It's probably best to remove the punctuation before hand. The second option is much cleaner, but we don't have support for it at the moment. I've filed Issue 98 to keep track on being able to pass in a custom tokenizer / preprocessor, as it would definitely make life easier. :) I don't think we added this in the first place, because we generally test multiple algorithms on the corpus, so it's faster to preprocess once, rather that on-the-fly each time.
This is another side effect of the current tokenizing.

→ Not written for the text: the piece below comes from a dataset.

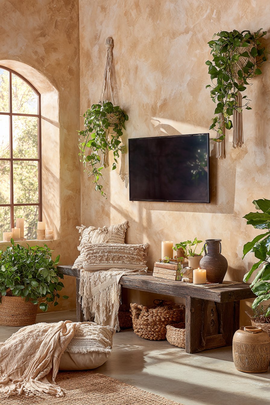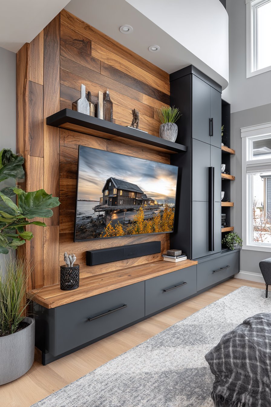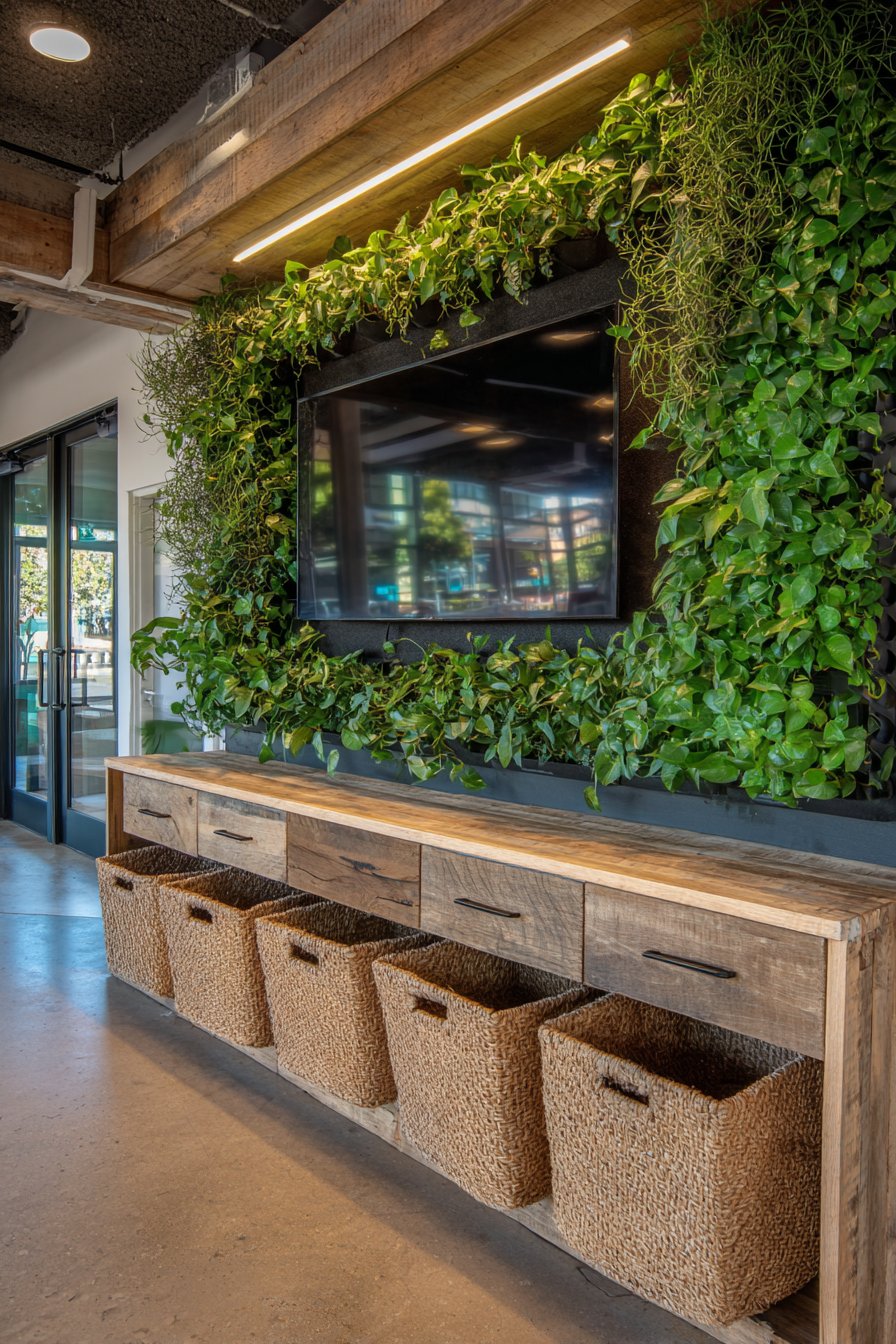 Combine entertainment with environmental consciousness in this sustainable media wall incorporating reclaimed materials and eco-friendly elements. The television mounts on a living plant wall system with integrated drip irrigation, surrounded by air-purifying plants including pothos, philodendron, and ferns that improve indoor air quality while creating a stunning green backdrop. The plants soften the technology while bringing nature indoors.

You'll want to lower-case all your text when do you the above preprocessing step.
We have a few tools to help, so you might try something like the following to do the cleaning:
public void clean(File inputDirectory, File outputFile) throws IOException {
PrintWriter outputWriter = new PrintWriter(outputFile);
for (File resume : new DirectoryWalker(inputDirectory)) {
StringBuilder doc = new StringBuilder((int)resume.length());
for (String line : new LineReader(resume)) {
line = line.replaceAll("(\\p{Punct}+)", " $1 ");
line = line.toLowerCase();
doc.append(line).append(' ');
}
outputWriter.println(doc);
}
outputWriter.close();
}
That should lower case everything and separate the punctuation from any words, which makes "word," and "word" now tokenize to the same instance. If you want to remove the punctuation all together, just swap the " $1 " with " ". You can use the resulting output file with the -d option for lsa.jar .
We have a custom Stemmer interface which lets us wrap all of the existing Snowball stemmers. I think you can just use edu.ucla.sspace.text.EnglishStemmer with the -Z option, which should correctly wrap the EnglishStemmer. You might with and without stemming. I'd imagine that resumes have a lot of technical language, and the stemmers may not correctly handle such words.
If you run into issues, let us know so we can help.
Thanks,
David